By May 1, 2020No Comments

by Monica Weiss, Co-Chair, Ethical NYC Environmental Stewardship Committee

As a child, I was occasionally sent to my room for a time-out to reflect on whatever transgression I had committed — having done something thoughtless or selfish or just plain naughty. Although my parents were reasonable and patient, they had their rules and their limits. Before releasing me, they needed some assurance that I understood what I had done and why it was wrong. The message was “These are the rules we live by, and unacceptable behaviors have consequences.”

The laws of nature are like the rules of our parents. Those laws have evolved over 4.5 billion years, and we ignore them at our peril, just as ignoring the guidelines in handling the Covid-19 virus pandemic puts us in peril. We are in a big time-out.

In the ecosystem, everything in nature is interconnected with, and dependent upon, other things for survival—life supporting life. When things die, they decompose and provide food and energy for other things to grow. Nature restores and regenerates itself.

It is efficient, whereas our modern civilization, by contrast, is not. We provide energy by extracting fossilized material (coal, oil, and gas) from deep underground, burning it, and thereby spewing tons of carbon into the atmosphere, warming the planet and altering the earth’s systems, creating extreme weather—floods, droughts, catastrophic storms, along with fires, and deadly germs.

Industrial agriculture relies on toxic chemicals that strip the soil of nutrients and use vast amounts of water. Energy-intensive, it creates enormous pollution and waste. In contrast, organic, regenerative agriculture restores the nutrients by composting organic matter and alternating crops. It sequesters carbon naturally through plant roots, returning it to the soil.

Forty percent of the food we grow is wasted either before or after it gets to our plates. Organic waste that could be composted to grow nutrient-dense food ends up in landfills exuding methane, thereby increasing global warming. Consumerism has turned the planet into a big garbage dump. Our oceans are depositories for plastic and other harmful debris; its waters are acidifying from industrial fossil-fueled pollution; marine life is choking on our trash.

The atmosphere has warmed by more than 1º Celsius. CO2 in the atmosphere has gone from about 350 parts per million to over 410; the last time in the earth’s geological history that CO2 levels were that high there were no humans on earth. The past 15 years have been the hottest since recorded temperatures began in 1850.

The earth, much like humans with Covid-19, is burning up with fever; its immune system is compromised. With Covid-19, as with climate change, we did not heed the warnings. Human arrogance and denial prevented appropriate and timely response globally.

Thanks to science and medicine, we have managed to begin flattening the Covid curve in just six short weeks. We have marshalled our experts, shut down non-essential industry and commerce, and reimagined our priorities around survival and health, cooperation, and community. We need do the same to solve the climate crisis.

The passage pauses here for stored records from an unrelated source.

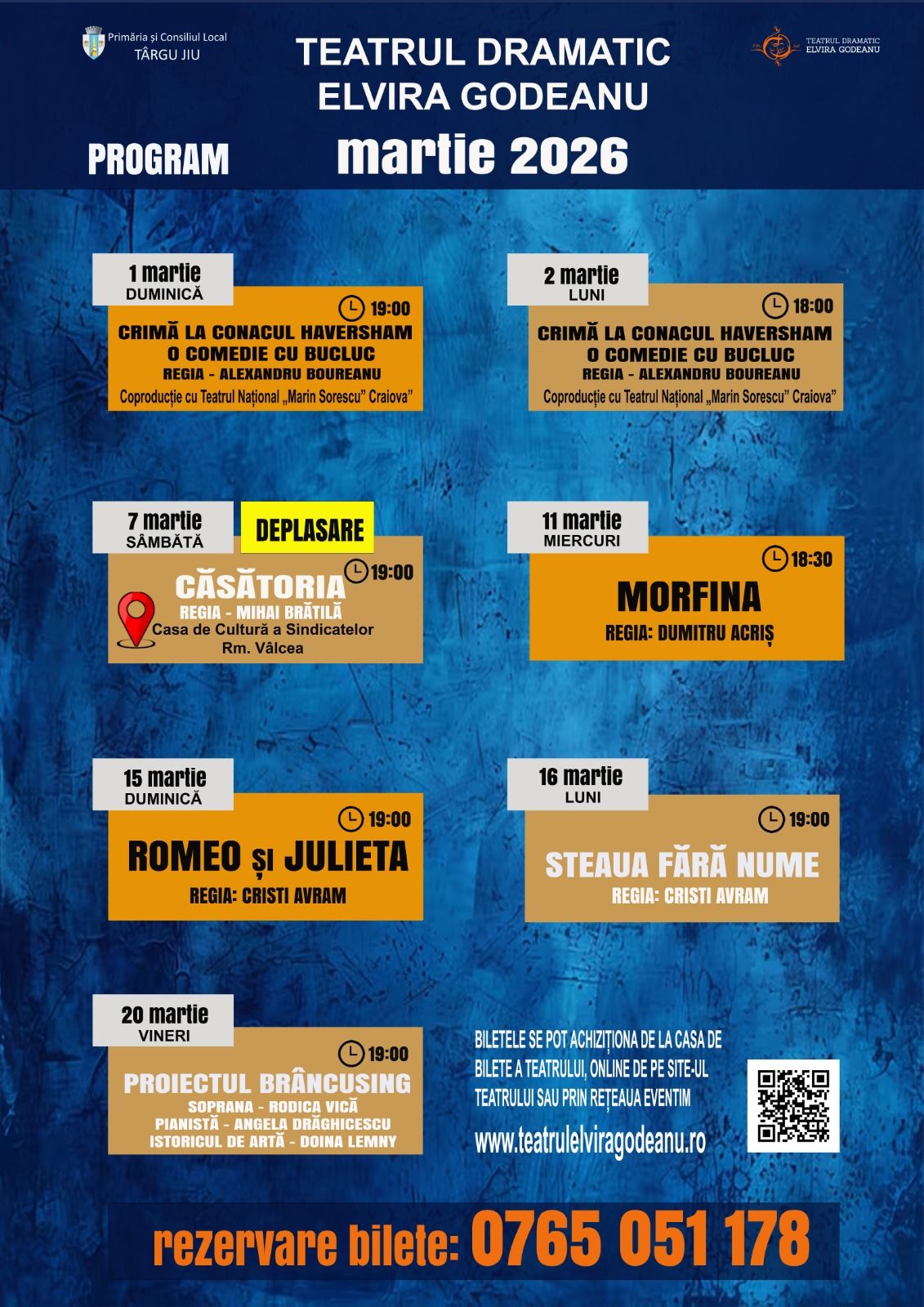 Teatrul Dramatic „Elvira Godeanu” a prezentat programul spectacolelor din luna martie 2026.
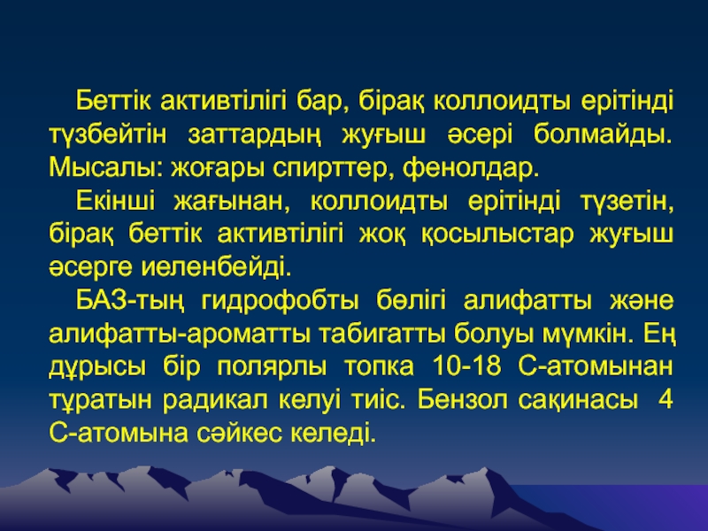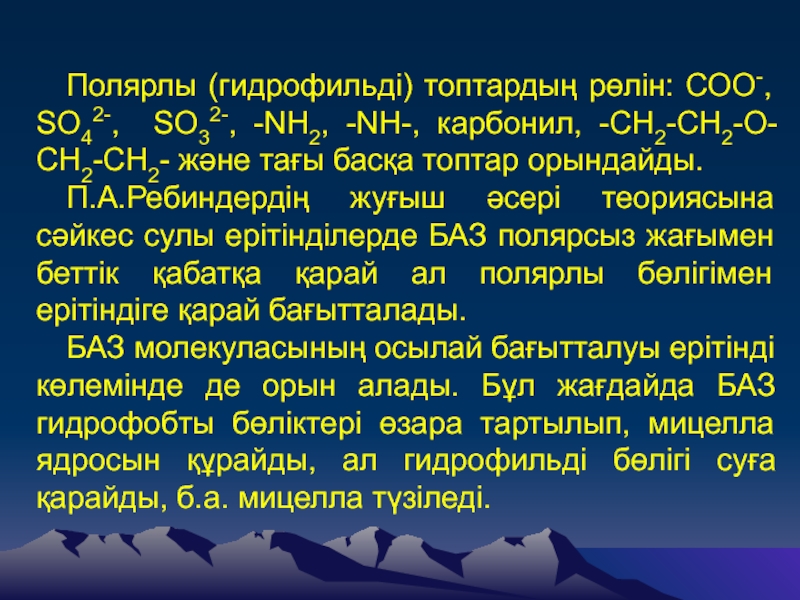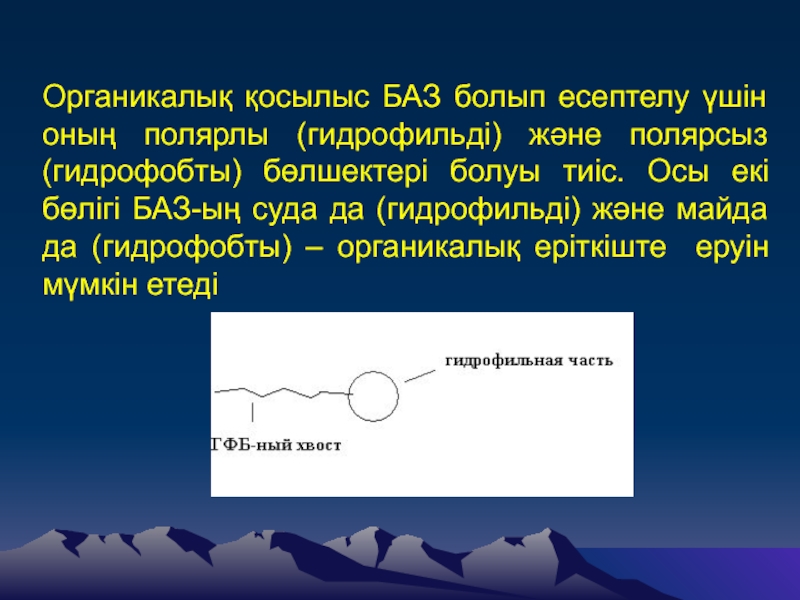 Слайд 3Органикалық қосылыс БАЗ болып есептелу үшін оның полярлы (гидрофильді) және
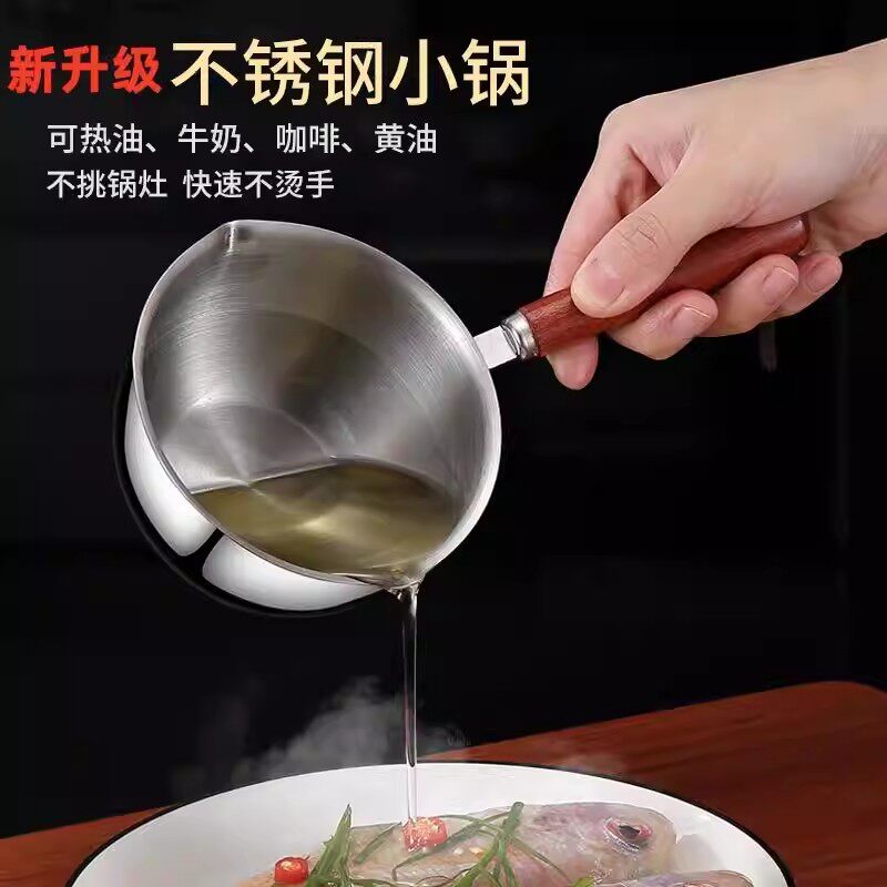【下单立减50】不锈钢泼油小锅家用双导流口设计红柄迷你淋油锅
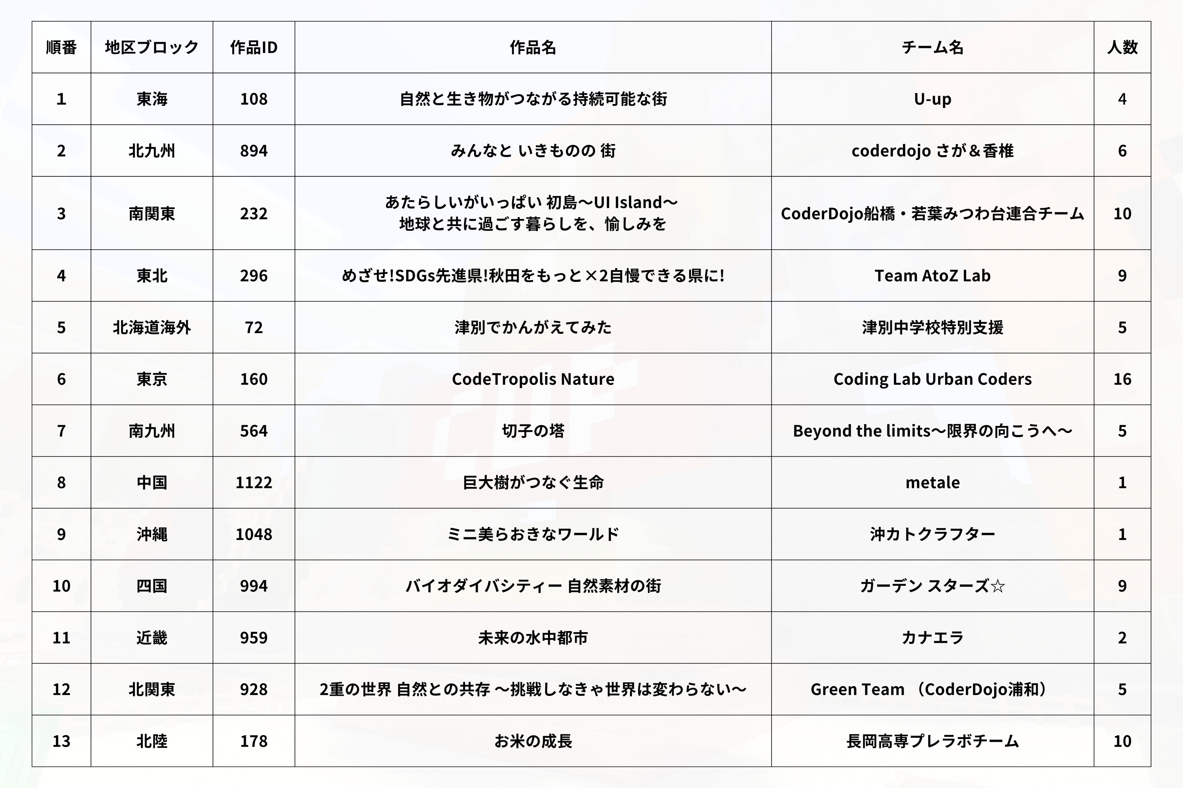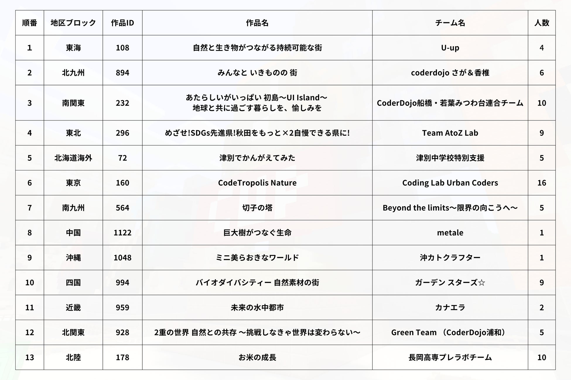 | Microsoft賞 教育版マインクラフトを通じて、自分たちの可能性を大きく伸ばすことができたチームに贈られる賞 |

July 29, 2019 marked Earth Overshoot Day—the date on which we burned through the amount of resources our planet could renew in a year. Living sustainably means intentionally not using up the earth’s natural resources faster than nature can regenerate them. Continuing at our current rate of resource use, we’d need 1.75 planets to support our demand on Earth’s ecosystem.

Using this Time-Out Purposefully

So, what are we doing while shut in that will better prepare us to behave differently when we emerge? Are we learning some important lessons from this social and physical isolation, from losing people we love, from seeing food lines and empty supermarket shelves in a city where abundance and excess are the norm?

Are we noticing that the absence of human activity around the world is resulting in cleaner air and water, and animals returning to places humans have vacated? Are we reassessing what is necessary for our survival and our comfort? Are we considering how others are experiencing this pandemic in places where food, water and shelter are scarce to begin with?

If we have not taken a deep dive into these questions, we are not ready to come out yet. Einstein noted that doing the same thing again and again and expecting a different result is insanity.

Responsible environmental stewardship requires us to learn how to facilitate and support the regeneration of the earth’s ecosystems. Nature can do this if we get out of the way. We can see that happening in places where air travel and industrial pollution have come to a halt.

This might be our last chance to get it right. The climate clock is ticking. We have just under eight years left to transition our economy, energy systems, food production, and consumption habits to sustainable practices. Climate change solutions require the same kind of emergency response that we’re making to the Covid-19 pandemic. We must stop this march towards extinction by charting a new course in a way that reflects new priorities.

Current Documentaries About Climate Change and The Environment (PBS Online)

(Image via the National Park Service)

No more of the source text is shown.